EVALUASI KETEPATAN PENGOBATAN DEMAM BERDARAH PADA ANAK DI INSTALASI RAWAT INAP RSUD LEUWILIANG
GAMBARAN PERESEPAN OBAT PSIKOTROPIKA PADA PASIEN JIWA DI INSTALASI RAWAT JALAN RUMAH SAKIT UMUM DAERAH LEUWILIANG PERIODE JANUARI-MARET TAHUN 2020
Orang Dengan Gangguan Jiwa (ODGJ) adalah orang yang mengalami gangguan dalam pikiran, perilaku, dan perasaan yang termanifestasi dalam bentuk sekumpulan gejala atau perubahan perilaku yang bermakna, serta dapat menimbulkan penderitaan dan hambatan dalam menjalankan fungsi orang sebagai manusia.

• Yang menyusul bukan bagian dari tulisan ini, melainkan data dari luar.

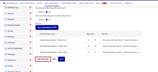 Khi chỉ vô hiệu hóa kết nối, liên kết vẫn sẽ được giữ lại, cho phép bạn kích hoạt lại kết nối OTA trong tương lai. Trong khi đó, nút Xóa sẽ loại bỏ liên kết giữa các gói giá trên OTA và trên Extranet của Hotel Link.
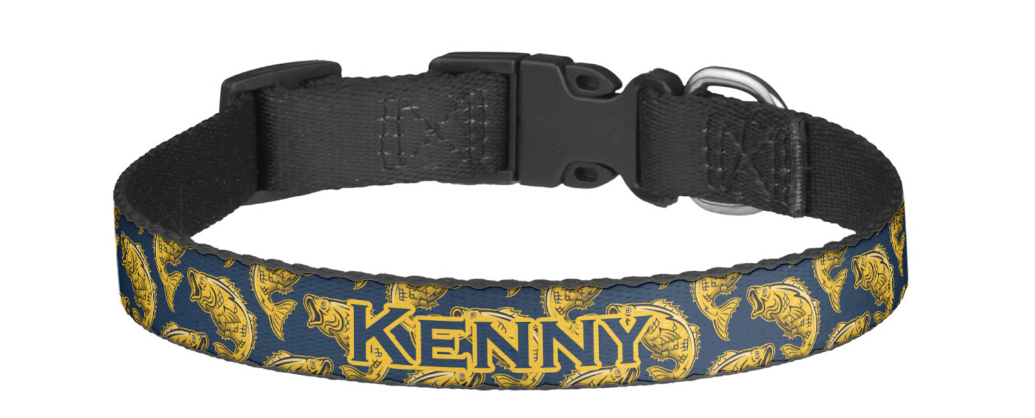 This sturdy collar, made from a durable nylon weave, will outlive your dog's episodes of excited tugging and pulling. Courtesy of its thick plastic buckle and adjuster, this collar is adjustable and accommodating of any dog. Structurally, the collar is a single piece of nylon weave that is sewn together, and features a solid metal loop where you can attach a leash or dog tag. We print and display your dog's name and pattern across the middle of the personalized dog collar.
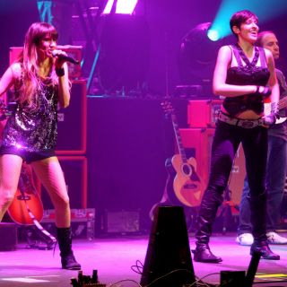 GUADALAJARA, JALISCO (18/OCT/2011).- El grupo Ha*Ash, luego de realizar una actuación en el marco de las actividades de Los Juegos Panamericanos Guadalajara 2011, recibió por parte de Hermes Music una guitarra decorada por artesanos indígenas.

Tujuan penelitian untuk mengetahui gambaran peresepan psikotropika yang meliputi gambaran usia, jenis kelamin, diagnosis, jenis obat, dan jumlah item obat dalam resep pada pasien jiwa di Instalasi Rawat Jalan Rumah Sakit Umum Daerah Leuwiliang periode Januari-Maret 2020. Gambaran peresepan dapat diketahui dengan melihat data pada rekam medik. Data dikumpulkan dengan cara retrospektif kemudian dianalisis secara deskriptif. Data yang diteliti sebanyak 90 sampel. Dari analisis data yang dilakukan diperoleh hasil sebagai berikut: pasien dengan jenis kelamin laki-laki sebanyak 52% dan jenis kelamin perempuan 48%. Berdasarkan gambaran usia paling tinggi yaitu usia 26-35 tahun 27,78%. Diagnosis terbanyak yaitu skizofrenia sebesar 51,11% dengan penggunaan obat psikotropika yang paling banyak diresepkan yaitu clobazam (72%) dengan jumlah peresepan terbanyak sejumlah 30 tablet (53 resep dari 90 resep).